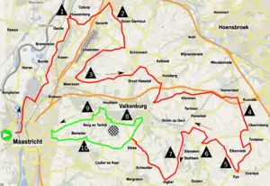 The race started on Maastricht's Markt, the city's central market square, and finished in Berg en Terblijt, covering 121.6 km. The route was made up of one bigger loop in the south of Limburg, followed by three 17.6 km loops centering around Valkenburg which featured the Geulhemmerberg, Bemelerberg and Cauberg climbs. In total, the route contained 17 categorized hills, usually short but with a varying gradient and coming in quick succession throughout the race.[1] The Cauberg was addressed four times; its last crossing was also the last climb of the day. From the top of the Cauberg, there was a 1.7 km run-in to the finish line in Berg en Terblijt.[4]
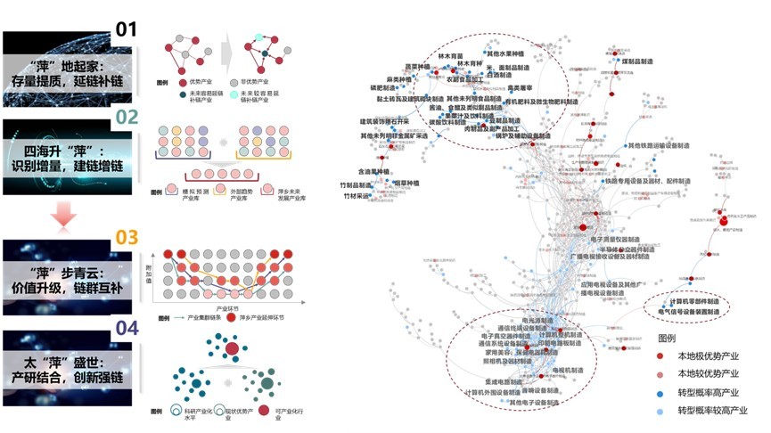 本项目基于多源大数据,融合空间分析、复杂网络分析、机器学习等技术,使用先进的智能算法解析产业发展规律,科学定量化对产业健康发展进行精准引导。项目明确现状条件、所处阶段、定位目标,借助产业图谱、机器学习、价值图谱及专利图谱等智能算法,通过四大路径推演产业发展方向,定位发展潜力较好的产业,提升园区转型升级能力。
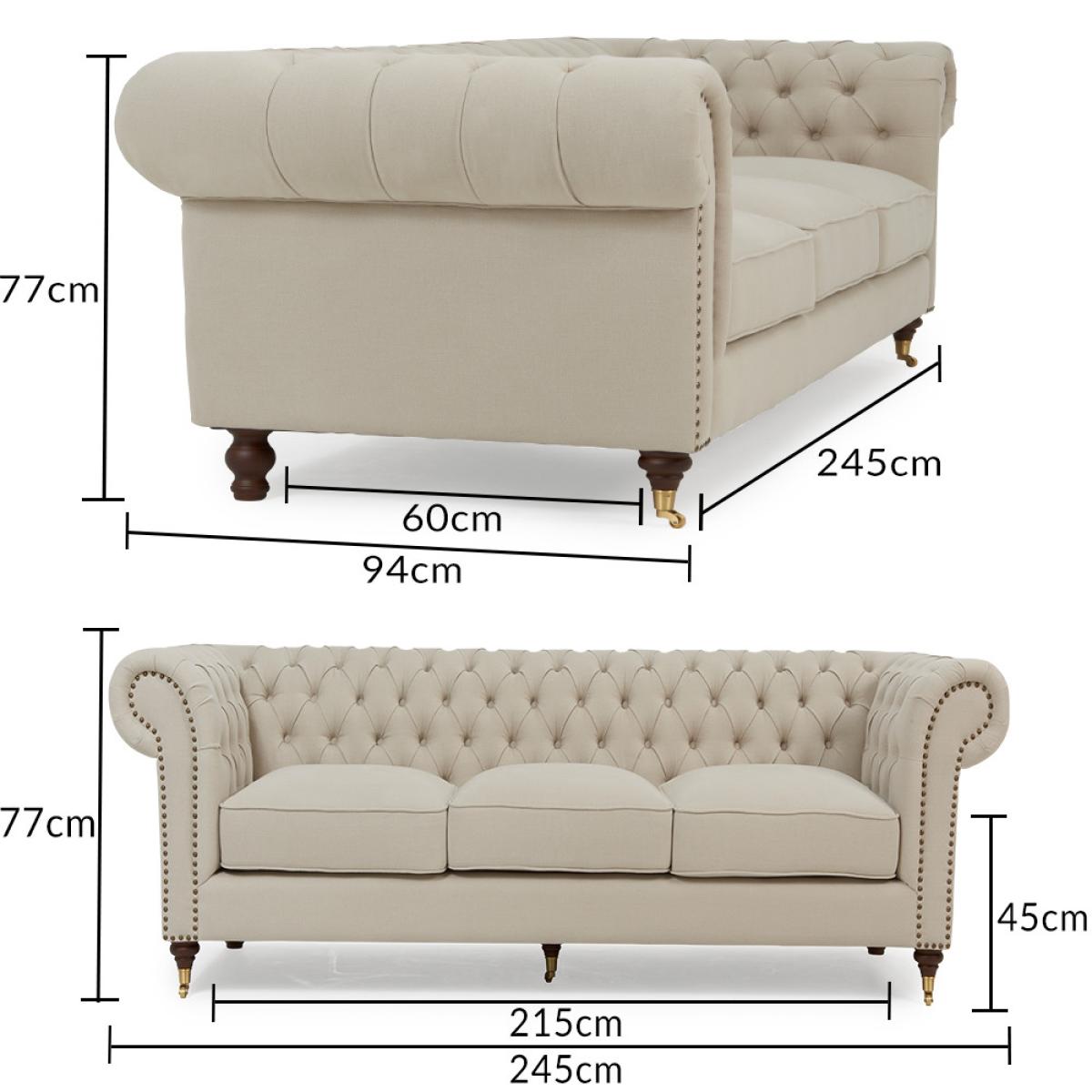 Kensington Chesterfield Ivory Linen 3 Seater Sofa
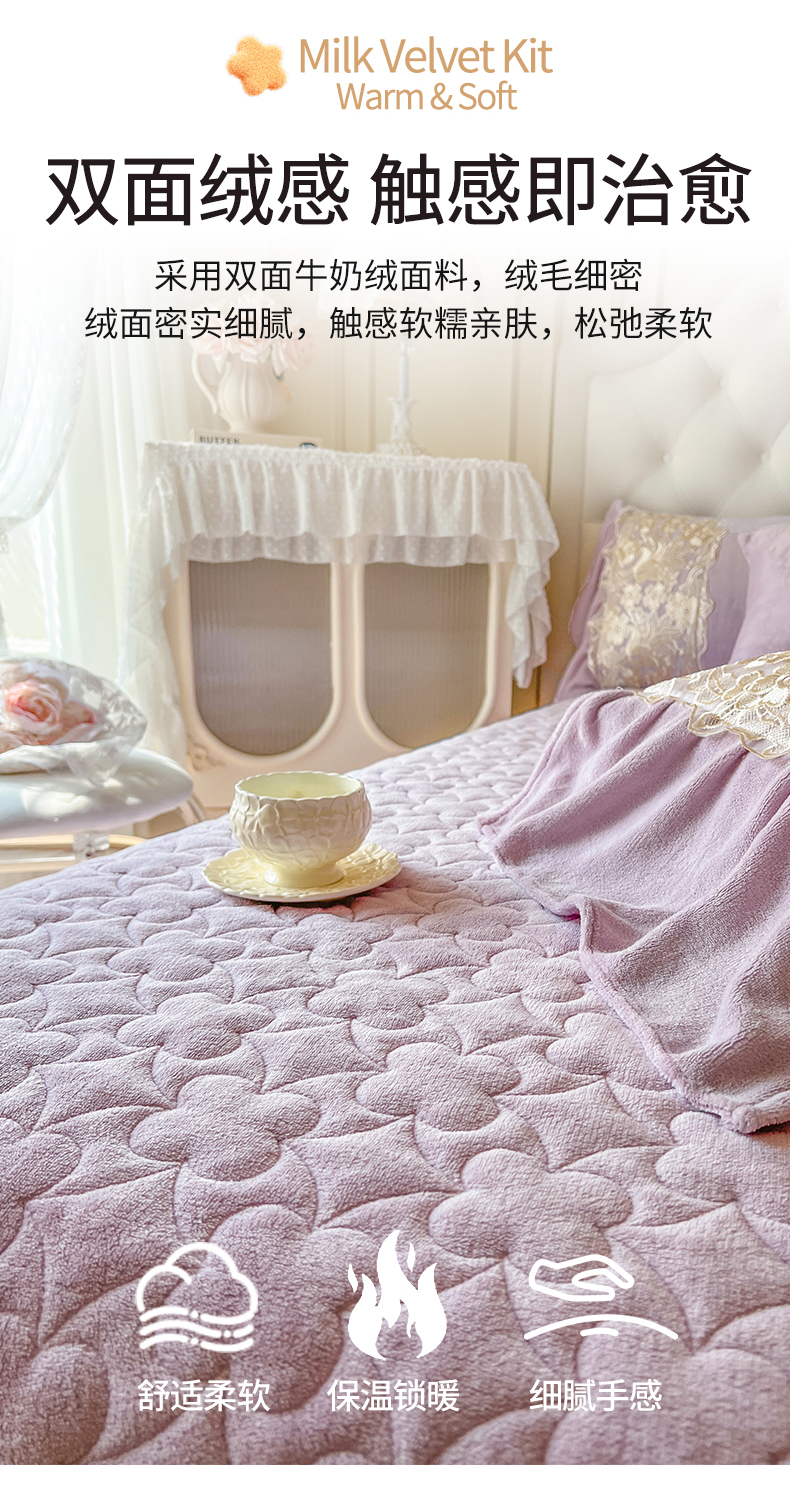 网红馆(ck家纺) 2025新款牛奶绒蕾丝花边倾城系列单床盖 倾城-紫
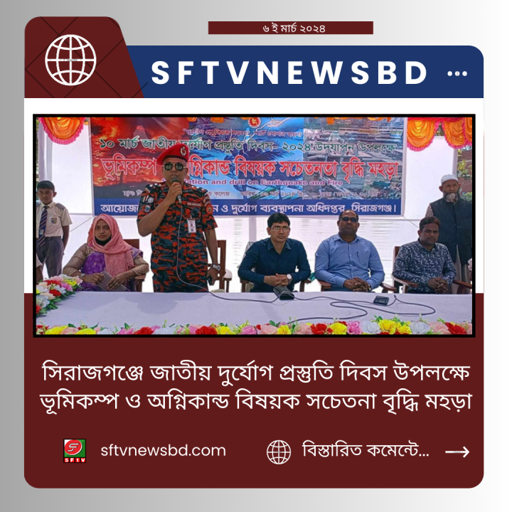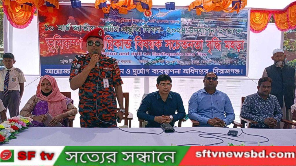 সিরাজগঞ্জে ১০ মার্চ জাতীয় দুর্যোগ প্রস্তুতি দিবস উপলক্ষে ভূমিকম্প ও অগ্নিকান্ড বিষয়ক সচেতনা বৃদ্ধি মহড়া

* * *

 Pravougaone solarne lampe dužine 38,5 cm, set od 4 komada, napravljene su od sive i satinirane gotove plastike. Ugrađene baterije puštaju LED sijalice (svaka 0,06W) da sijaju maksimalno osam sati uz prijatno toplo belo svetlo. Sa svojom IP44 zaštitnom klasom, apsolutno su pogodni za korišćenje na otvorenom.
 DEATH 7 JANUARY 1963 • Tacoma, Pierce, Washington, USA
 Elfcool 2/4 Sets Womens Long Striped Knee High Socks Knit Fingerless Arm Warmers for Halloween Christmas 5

### YOUR ASSIGNMENT
Look back at the entries above. Retype the line with "Pravougaone solarne lampe", the line with "Elfcool 2/4 Sets", and all lines in between.

### TASK OUTPUT
 Pravougaone solarne lampe dužine 38,5 cm, set od 4 komada, napravljene su od sive i satinirane gotove plastike. Ugrađene baterije puštaju LED sijalice (svaka 0,06W) da sijaju maksimalno osam sati uz prijatno toplo belo svetlo. Sa svojom IP44 zaštitnom klasom, apsolutno su pogodni za korišćenje na otvorenom.
 DEATH 7 JANUARY 1963 • Tacoma, Pierce, Washington, USA
 Elfcool 2/4 Sets Womens Long Striped Knee High Socks Knit Fingerless Arm Warmers for Halloween Christmas 5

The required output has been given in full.